The share price of UK-quoted Randall and Quilter (R&Q) had fallen by 15.02 percent to 107.5p at the time of writing in the wake of today's crucial LMX-related High Court judgment against the run-off management firm.

The financial impact to R&Q is as yet unclear, but in his judgment, Mr Justice Gross described the losses on the contracts involved in the case as being of "considerable magnitude".

The landmark decision to allow Equitas to recover reinsurance losses based on modelled calculations of the notorious LMX spiral from R&Q-owned reinsurer Brandywine has sent shockwaves through the market.

In a stock exchange announcement, R&Q expressed disappointment at the ruling, adding that financial advisers are currently assessing the impact, which is also likely to include Equitas' legal costs.

A further hearing will be set to determine the amount of Berkshire Hathaway's run-off vehicle Equitas' claims payable under the decision.

The dispute primarily concerned the recovery of reinsurance relating to losses from the 1989 Exxon Valdez oil spill and the 1990 Kuwait Airways (KAC/Gulf War) loss that whipped through London's then internecine reinsurance market. It is a test case for four arbitrations representing more than 4,000 LMX spiral-related claims that have been stayed pending its outcome.

Judge Gross applied a discount of 25 percent of the ultimate losses for the Exxon Valdez claim and 13.5 percent for Kuwait Airways payable by R&Q Re that were subsequently magnified under the LMX spiral.

R&Q objected to Equitas' unprecedented use of an actuarial model both as a matter of law and more widely, claiming that actuarial modelling could not be utilised at all to establish the Equitas losses.

Explaining his decision to accept the model, Gross said that while it is "plainly necessary to proceed with caution", he is nevertheless satisfied that the models "furnish an acceptable, soundly based route to establishing properly recoverable minimum losses... the models therefore assist in doing practical justice in this case".

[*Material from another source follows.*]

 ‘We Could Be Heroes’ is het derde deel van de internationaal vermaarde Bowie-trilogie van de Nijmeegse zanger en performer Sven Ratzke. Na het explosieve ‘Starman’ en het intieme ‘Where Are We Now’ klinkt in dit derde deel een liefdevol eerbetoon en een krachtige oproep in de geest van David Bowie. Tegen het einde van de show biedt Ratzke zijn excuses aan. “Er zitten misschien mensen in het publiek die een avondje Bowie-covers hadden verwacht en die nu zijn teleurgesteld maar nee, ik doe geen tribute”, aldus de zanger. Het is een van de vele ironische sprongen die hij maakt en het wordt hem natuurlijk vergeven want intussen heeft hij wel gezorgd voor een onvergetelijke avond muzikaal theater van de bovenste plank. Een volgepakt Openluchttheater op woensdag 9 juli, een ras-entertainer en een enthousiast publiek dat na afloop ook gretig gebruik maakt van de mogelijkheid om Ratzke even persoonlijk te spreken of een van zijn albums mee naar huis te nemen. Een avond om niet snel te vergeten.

The solution, Gross said, was "emphatically preferable" to leaving the losses "to lie crudely where they fall".

Equitas' difficulty in presenting actual losses boils down to the nature of the LMX market in the late 1980s and early 1990s, which was conducted on the basis of good and mutual trust, and comprehensive documentation is non-existent.

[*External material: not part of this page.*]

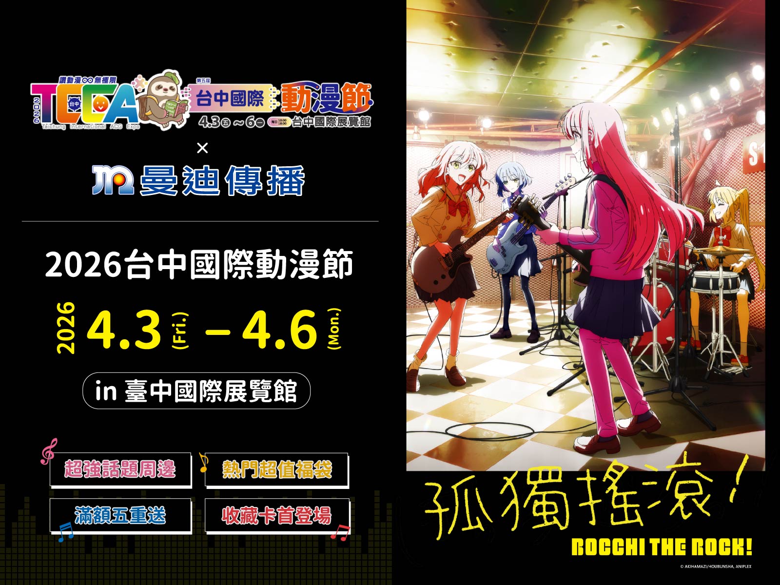 4/3-4/6台中動漫節即將登場!曼迪傳播將帶來《孤獨搖滾!》《名偵探柯南》《Fate/strange Fake》《Silent Witch沉默魔女的秘密》《時光代理人》《戀與深空》等知名作品周邊,超過1500樣商品、5款限定福袋、以及滿額好禮五重送等活動,給動漫迷好逛又好買的最佳選擇,更首度於台中推出《孤獨搖滾!》全新抽卡機台,讓小孤獨陪你試手氣,多款美圖帶回家!

"The market, at least in the generality of cases, relied on collection notes - rather than insisting on strict proof of loss," the judgment explains, adding: "To put it at its lowest, it is difficult to reconcile with this market practise, the R&Q submission that... as a matter of law, the reconstruction of the spiral [is necessary]. It involves quite a leap and one for which there is also no precedent".

It is widely anticipated that, in the absence of an appeal, Mr Justice Gross's decision could act as a catalyst to re-start the unwinding of the infamous spiral that has been log-jammed pending the outcome of the proceedings, which effectively act as a test case.

Justice Gross said in the judgment that he hopes the spiral will be "kick-started" by his ruling.